Clearly the line between noun-noun compounds that should be lexicalized in any generic ontology and the ones that should not is a very fluid one. Many people complain that WordNet does not have all the nn-compounds it should and the literature on nn-compounds (but more generally in multi-word expressions) is huge.

4. AKR embraces ambiguity, so it says that sometimes a lexicalization is a good idea and sometimes it isn't. ( the chocolate box above is not merely a box containing chocolates, it is also a box made of chocolate...) Hence AKR produces two solutions for compounds that are lexicalized like {a birth certificate}

a birth certificate
% Choices:
[choice([A1,A2], 1)
Conceptual Structure:
Contextual Structure:

The representation  above has two solutions: we have one concept in the solution that says that {birth_certificate} is a single entity,  and two concepts in the more generic interpretation of birth certificate that says that there is a noun "birth" and a noun "certificate" and we don't know what exactly is the relationship between the two.

5.  It's clear that if I say  {a Tarantino movie} I want to have two concepts, one concept for `Tarantino' which someone else should be able to say is a movie director and two, a movie that  hopefully is vaguely associated with Tarantino. and again hopefully someone else will  decide which one is the relationship between the two concepts.

When nn-compounds are lexicalized (like birth-certificate or tv-show) then maybe there is only a single concept, but it seems that there should be a range, some expressions really a single concept, others very weak relation between the nouns and others between the extremes.

6. This is   more complicated for "media genres", as sometimes one of the nouns stands in for the compound: thus {a documentary movie} maybe  should be equivalent to {a documentary}, and if documentary is a genre that applies to other media (e.g. a radio documentary), how should the mapping be that makes documentary the same as documentary movie, but independent enough to produce a sensible mapping for {radio documentary}?
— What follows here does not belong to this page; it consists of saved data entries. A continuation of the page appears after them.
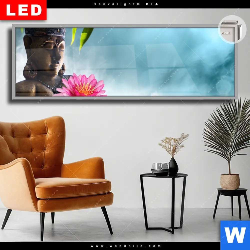 Canvalight® DIA Leuchtbild | Buddha Statue mit Seerose | Panorama
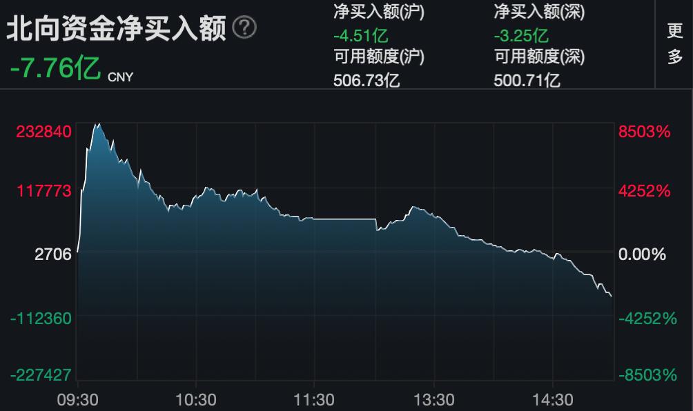 A股三大指数今日集体收跌,沪指跌0.13%,深成指跌1.05%,创业板指跌1.77%;北向资金净流出7.76亿元,早盘一度净买入超23亿元。
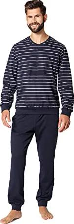 Herren Schlafanzug Zweiteiler Langarm Pyjama lang bunt aus Baumwolle LA40-220 (Marineblau Weiß, L)

 It seems to me that, in principle the semantic mapping should produce for  any nn-compound a pair of concepts: the concepts associated to the  HEAD noun,  and MOD(ifier) noun and an {underspecified relation between these} concepts, that gets resolved. Either:

A. It  transforms the two concepts into a single one (if the concept is lexicalized), e.g  {a tv show} should produce simply the ontological concept  TVShow and not an ambiguity between the generic relation  between nouns
(role(nn_element,show-7,TV-4)) and the lexicalized concept

B. Or it produces the right relationship in the ontology between the concepts  if such exists

C. Or it produces a clear relation (Rel X) between the conepts, so that we know that we need to try to find out what this relation is.

This is to be contrasted to a noun phrase like an adjective-noun compound such a {a French actress} or {a hungry boy} that should always produce only one concept (the one for the HEAD noun) while the concept for the modifier, well, it just modifies the head.

Thus  the mapping to the ontology for a phrase like {a French actress} should always go to a concept
for actress, suitably modified by whatever meaning we think the adjective brings in.